Te słowa usłyszałam od Devana, kiedy ten był pogrążony we śnie, więc nie mam pewności, czy rzeczywiście tak uważa, ale lubię myśleć, że jestem stworzona dla niego. To pokrzepiająca myśl, dająca nadzieję na zbudowanie trwałej relacji, pełnej pasji, fascynacji, miłości i oczywiście szczerości.
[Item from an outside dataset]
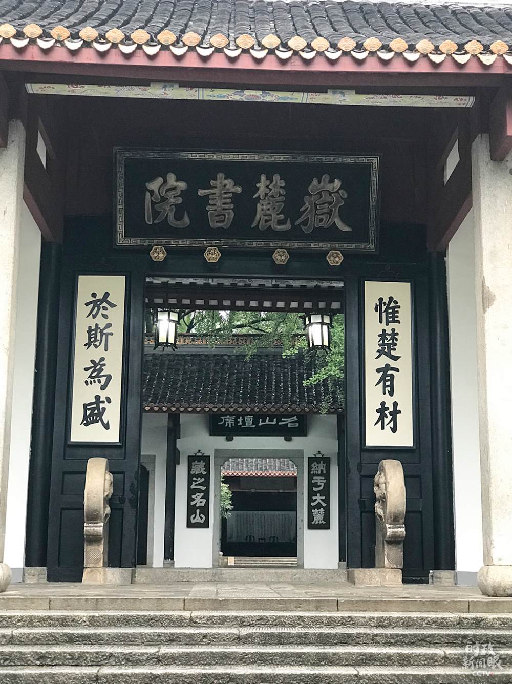 △岳麓書院是中華文化的重要地標,門前這幅對聯(lián)“惟楚有材于斯為盛”分別出自《左傳》和《論語·泰伯》。(總臺央視記者石偉明拍攝)
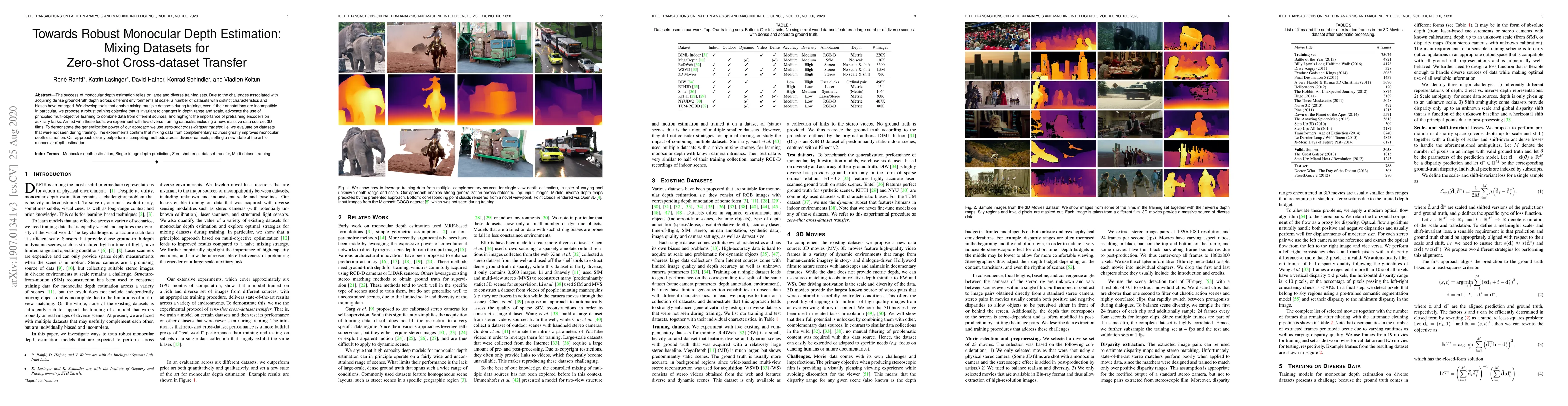 This paper proposes a method for robust monocular depth estimation by mixing multiple diverse training datasets, even those with incompatible annotations. The approach includes a robust training objective, multi-objective learning, and pretraining encoders, which together significantly improve generalization and outperform existing methods across various datasets.

- Devan tylko siebie uważa za ideał.

Mam ochotę roześmiać się prosto w jej twarz. Jej nienawiść do Devana przysłania prawdziwe osądy. Zazdrość o to, że Devan mógłby zbudować trwały związek z kimś innym wpędza ją w toksyczną zazdrość, którą zdecydowanie powinna leczyć.

- Tak uważają tylko narcystyczne osobowości, a Devan nie jest ani narcyzem, ani egoistą. Jeśli tak uważasz, najwidoczniej wcale go nie znasz.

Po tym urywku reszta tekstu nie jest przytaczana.